Pasquale, a Duke epidemiologist whose work has focused on social factors that affect the spread of HIV-AIDS and other sexually transmitted diseases, notes that the study’s approach comes with several important benefits.
“The basic idea is that no one knows your own social context better than you do, so why not try to use that expert knowledge to trace the possible movement of a disease that we know spreads most readily in situations where people are close together for extended periods?”
“This kind of sampling lets us look for COVID cases where they’re most likely to occur and then to understand how, and how fast, the disease is moving through a given community,” says Pasquale, who notes that this, in turn, allows health workers to break the chain of disease transmission by identifying cases before they become infectious to other members of their community. She also notes that the study’s advantages apply to surveillance for other viral respiratory diseases, such as seasonal flu.
But while the Snowball study relies on a relatively straightforward application of tried-and-true public health methods combined with a more robust social contact module (her mentor is Snowball co-investigator Jim Moody, PhD, Professor of Sociology at Duke and an expert in social network analysis), there is also a sophisticated network of research, technology and know-how powering the study as well – a network that encompasses complementary work already underway at Duke, along with expertise and insights drawn from across the campus. For example, the creation and management of the electronic coupons central to the Snowball study will take place through a data science platform created by a team at Duke Crucible headed by study co-investigator and Crucible & Duke Forge Director Erich Huang, MD, PhD.
Multiple streams of data—biomolecular and genetic analyses from MESSI; biometric measurements gathered through CovIdentify—can be combined with clinical data, survey entries, and information from participants’ symptom diaries to yield a richly detailed picture of the variety of COVID symptoms and the clinical course the disease takes in different people. These data may also shed more light on the ways the disease spreads among individuals and through communities, as well as revealing new biological markers of infection.
“What’s especially exciting about the Snowball study is not just that it lets us quickly and efficiently find people who may be at risk for developing COVID-19 and steer them toward the help and services they may need, but it also lets us explore the underlying biology of the disease at the same time,” notes MESSI principal investigator Christopher W. Woods, MD, MPH, who is also a co-investigator for the Snowball study.
Another facet of the COVID-19 pandemic that Snowball will examine is the role that socioeconomic factors play in disease risk and in accessing needed care and resources. Co-investigator and Director of the Health Equity Working Group at the Cook Center on Social Equity, Keisha Bentley-Edwards, PhD, will lead efforts to develop measurements that can shed light on the social determinants of health that may affect how individual and communities are impacted by the pandemic.

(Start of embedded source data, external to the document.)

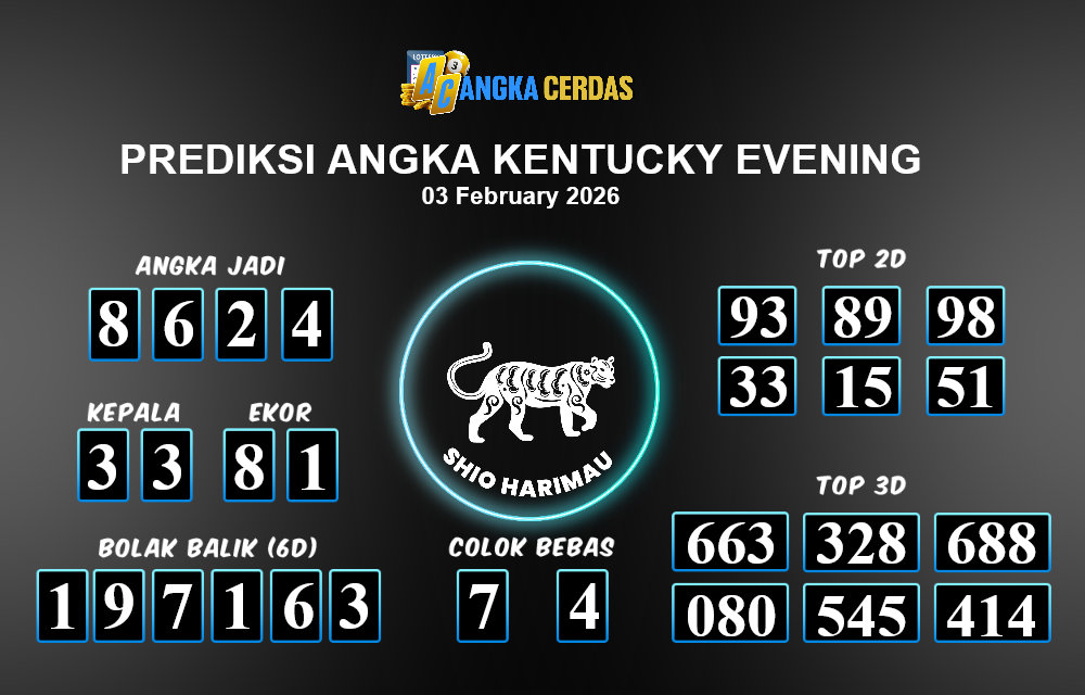 Prediksi Togel KENTUCKY EVENING hari ini Selasa 03 Februari 2026, adalah salah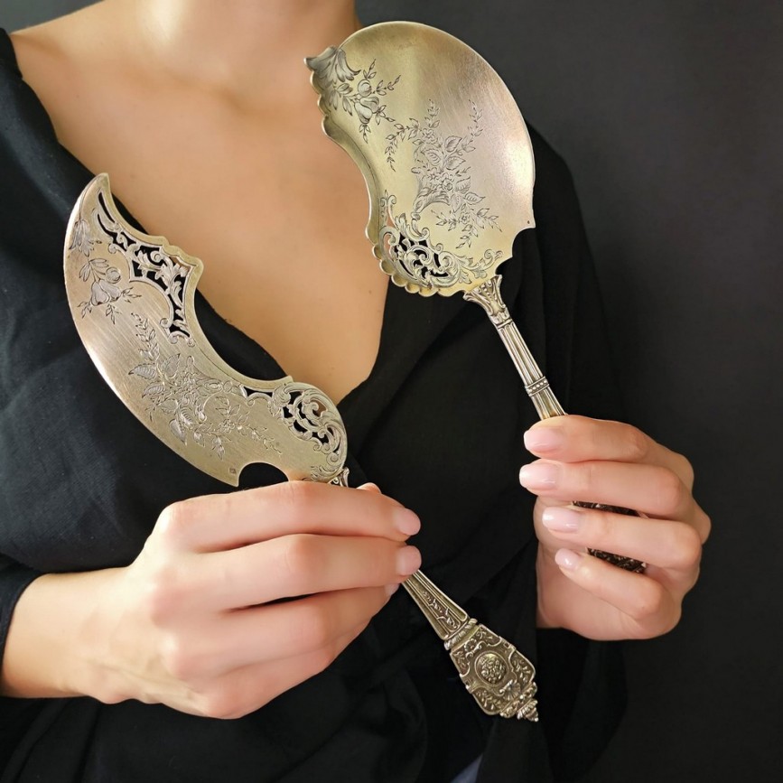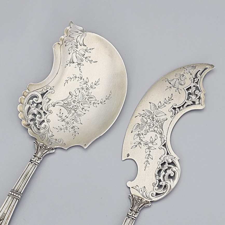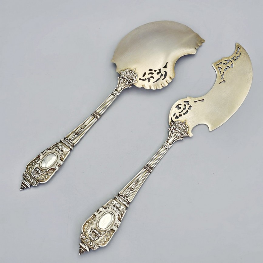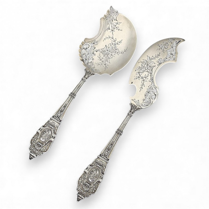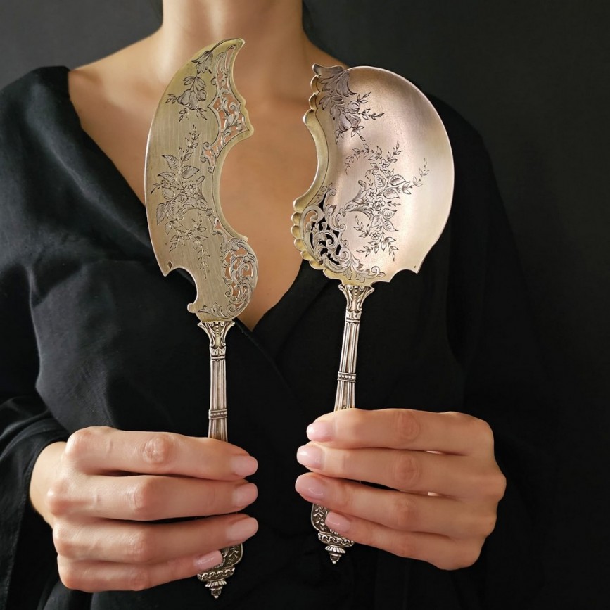 Garnitură de tacâmuri ne0-rococo din argint pentru servirea tortului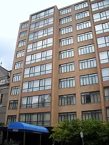 Constructed as an apartment building in 1964,[4] the structure was converted to a hotel in 1979, opening as the Canterbury Hotel.[5] It was purchased in March 2001 for $10.5 million by LaSalle Hotel Properties of Bethesda, Maryland. It reopened in October 2001 as the 99-room Kimpton Topaz Hotel, the first Kimpton-managed boutique hotel on the East Coast.[6][7] The Kimpton Topaz Hotel closed on November 25, 2019, after being acquired by Douglas Development for $33.1 million.[8] It reopened in November 2021 as the 143-room Courtyard Washington, DC Dupont Circle .[9]
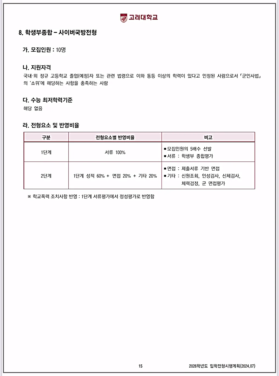 - 학생부종합 - 사이버국방전형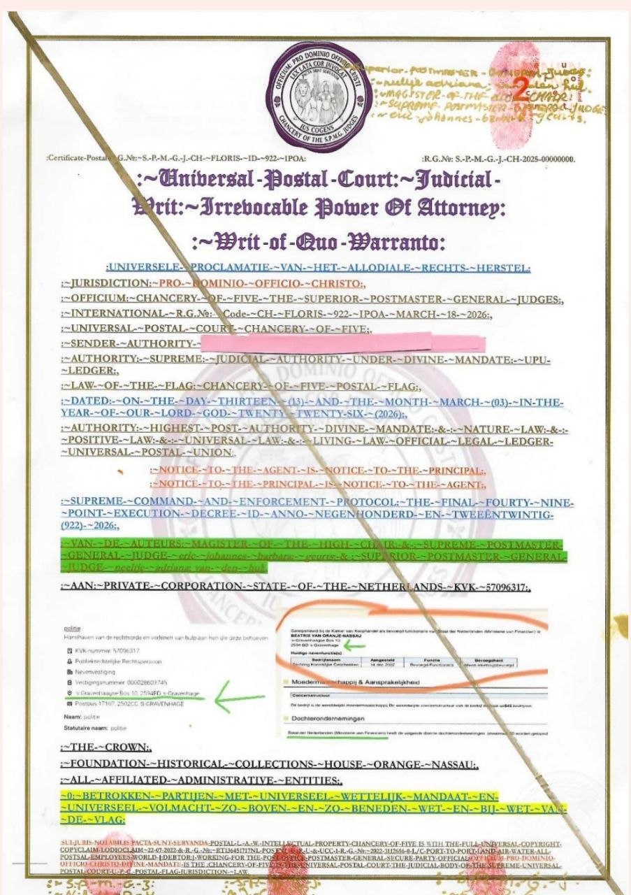 UNIVERSAL PROCLAMATIE VONNIS VAN HET ALLODIALE RECHTS HERSTEL (MAART 2026)

Ultimately, Pasquale hopes that the experience with Snowball study will yield lessons that can be adapted and scaled to help fight the COVID-19 pandemic beyond Durham.
“We’ve managed to assemble a great team, one that lets us look at the problem of COVID infection and transmission through a really wide lens,” Pasquale notes. “Instead of just focusing on isolated details, we have the chance to see the whole picture of COVID transmission at once—from immunology and genomics all the way to the social contexts in which people encounter this disease.”